7 - 'Benito Cereno' by Herman Melville revised

Herman Melville’s is extensive and painful droning in ‘Benito Cereno', often leaves his readers bored and frustrated. Captain Delano, one of the main characters at times also frustrates his readers with his naive, passive, disregard. Delano often "looked" at potentially problematic situations but, never "saw" what was transpiring. Ironically, Delano's passiveness results in the saving of his life.

As Delano boarded the San Dominick, a Spanish slave ship, he witnessed peculiar acts that contradicted the traditional customs of a slave ship. Delano was particularly struck by the acts of the pleasant black slave, Babu, who maintained the weak, sickly, white captain, Benito Cereno and remained by his side continuously. The following passage is an example of Babu's attentiveness to Cereno:

“Sometimes the negro gave his master his arm, or took his handkerchief out of his pocket for him; performing these and similar offices with that affectional zeal which transmutes into something filial or fraternal acts in themselves but menial; and which has gained for the negro the repute of making the most pleasing body-servent in the world; less a servant than a devoted companion (1400)."
As Delano tried to attain information about what had happened to the San Dominick, he noticed unusual behavior by several of the ships population. Many experiences transpired in front of Delano that he questioned but "shrugged-off" hereby frustrating his readers. In this following passage, Cereno exhibits what appears to be rude and obscure behaviour while conversating with Delano, when in truth, Cereno was protecting Delano from danger:
“Don Benito faltered; then, like some somnambulist suddenly interfered with, vacantly stared at his visitor, and ended by looking down on the deck. He maintained this posture so long, that Captain Delano, almost equally disconcerted, and involuntarily almost as rude, turned suddenly from him, walking forward to accost one of the Spanish seaman for the desired information.
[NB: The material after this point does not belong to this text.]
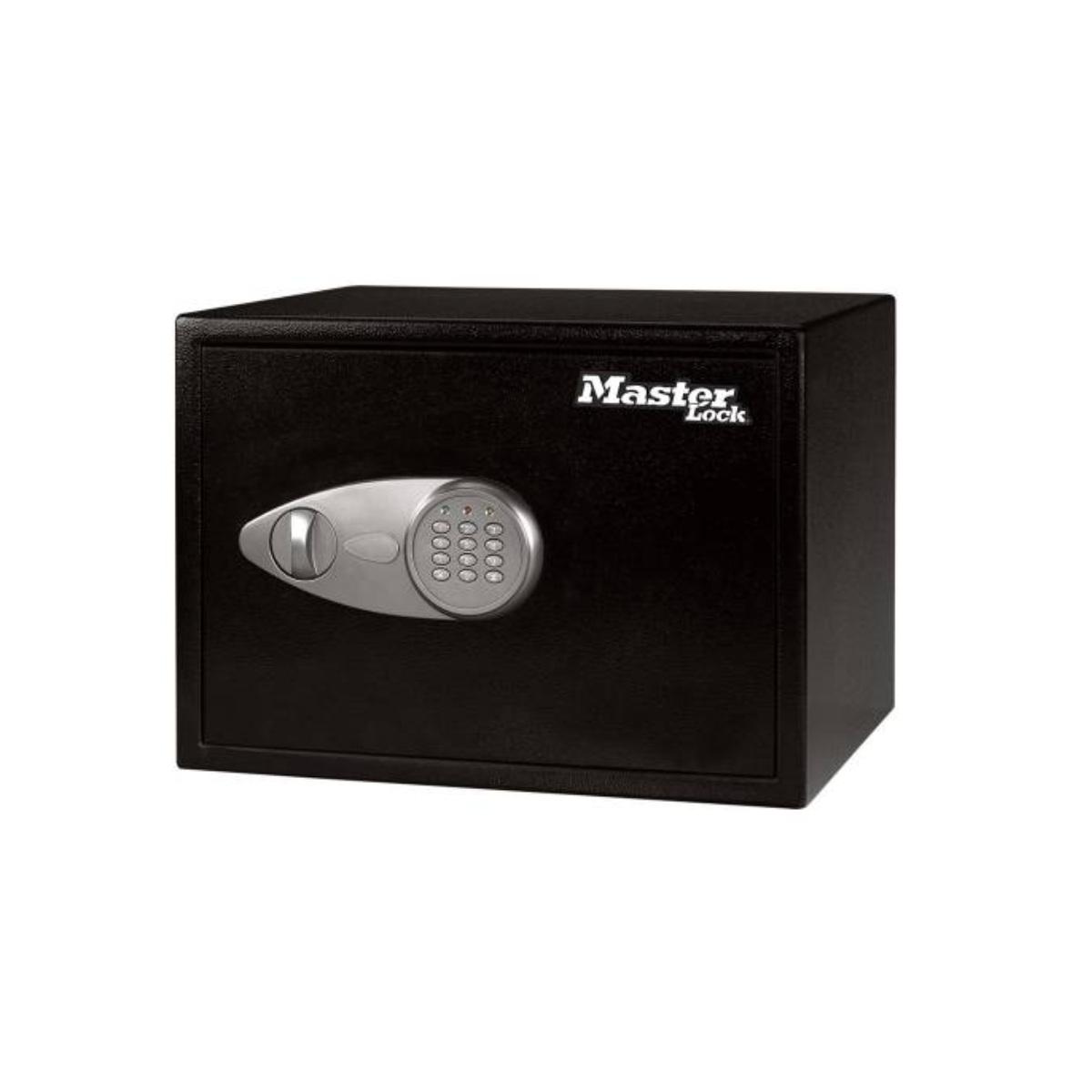 Master Lock 599333 Coffre-fort à poser en acier massif 599333 de Master lock. Le revêtement intérieur tapissé protège les biens contre les éraflures. Coffre fort à combinaison. verrouillage électronique. - Type de produit : Coffre fort.Type de pose : A poser.Type de fermeture : A code.Matière princi

But, he had hardly gone five paces, when, with a sort of eagerness, Don Benito invited him back, regretting him momentary absence of mind, and professing readiness to gratify him (1402).”
Delano’s initial impression of Cereno is that of a mentally ill man with possibly dangerous intentions. How ironic it was to find out that Benito Cereno had been trying to save Delano’s life all the while Delano so mistrusted him. This final passage speaks of this fact:

“Ah, my dear friend, Don Benito once said, at those very times you half thought me plotting your murder, at those very times my heart was frozen; I could not look at you. And as God lives, Don Amasa, I know not whether desire for my own safety alone could have nerved me to that leap into your boat, had it not been for the thought that, did you, unenlightened, return to your ship, you, my friend, with all who might be with you, stolen upon, that night, in your hammocks, would never in this world have wakened again. Do but think how you walked this deck, how you sat in this cabin, every inch of ground mined into honey-combs under you. Had I dropped the least hint, made the least advance towards an understanding between us, death, explosive death—yours as mine—would have ended the scene (1452).”